# The Official Streamline F-450 Picture Thread



## StreamlineGT (Jul 4, 2009)

Check often for updates.


----------



## JumboJack (Aug 14, 2007)

That's a lot of truck...Very nice..

How many feet to the gallon does it get?:laughing:


----------



## StreamlineGT (Jul 4, 2009)

Approx. 52,800.


----------



## JFRAME (Aug 20, 2007)

THAT IS THE MOST BADASS WORK TRUCK I'VE EVER SEEN!!!!!:thumbsup:
I thought I had a great truck, but that is a f#@$%n war wagon!:notworthy


----------



## dkillianjr (Aug 28, 2006)

Very nice streamline! Gotta love those fords! Deffinetly keep us updated:thumbup:




Dave


----------



## Five Star (Jan 15, 2009)

Is it me or does it look tight in there>>? inside the body?? what is it 8' or 10' inside.?
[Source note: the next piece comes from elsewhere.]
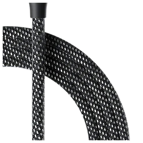 The 3.3-ft. Raycon® Magic Spin Charge and Sync Cable is the ultimate high-speed charging cable that prevents fraying. The 180° design prevents typical wear and connection issues. Plus, it is more comfortable playing games, using apps in portrait mode, and watching videos while charging. Charge your phone 8x faster than regular charging cables so you can give your device the power it deserves. A hard-wearing nylon exterior and a bulletproof fiber core combine to create a cord that can withstand up to 20,000+ bends. It's the toughest cable you’ll own. Period. It's made with braided nylon used by the US army, making it nearly impossible to tear. The built-in intelligent chip regulates the power delivery traveling to your device to ensure no overheating or overcharging so you can sleep worry-free while your device is charging. This cable features a double 180° rotation capability at the connectors, which prevents damage and fraying. This innovative design enhances the durability and longevity of the cable, making it ideal for regular use in various settings. The cable offers high-speed power delivery, supporting up to 100 watts for USB-C® to USB-C® connections, which is ideal for fast charging laptops and other high-power devices. For USB-C® to iOS™ connections, it supports up to 30 watts, ensuring quick and efficient charging for Apple® devices.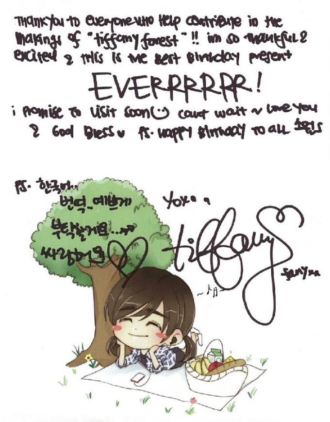 소녀시대의 또 다른 멤버 티파니도 생일을 기념하여 팬들에게 숲을 선물 받았다.

LOOKS GREAT!! id line-x the lower half of the utility body and maybe the rocker panels of the truck if you plan on keeping it more that 3 yrs:thumbsup:
maybe tat will break the paint difference from front to back!

Now get it loaded and bring that thing to a job you been playing with this thing too long!!
If i was closer i stop buy and crack a bottle on the rear bumper and send her on the maiden voyage myself :laughing:


----------



## AustinDB (Sep 11, 2006)

I'm not familiar w/ the PSD fuel mileage...are you indicating it gets ~10mpg? Bet you could pull a tank with that rig!


----------



## StreamlineGT (Jul 4, 2009)

Five Star said:


> Is it me or does it look tight in there>>? inside the body?? what is it 8' or 10' inside.?


It is 9'. I was debating on getting the 11', but I do have to drive the thing. That would be a long truck.



72chevy4x4 said:


> I'm not familiar w/ the PSD fuel mileage...are you indicating it gets ~10mpg? Bet you could pull a tank with that rig!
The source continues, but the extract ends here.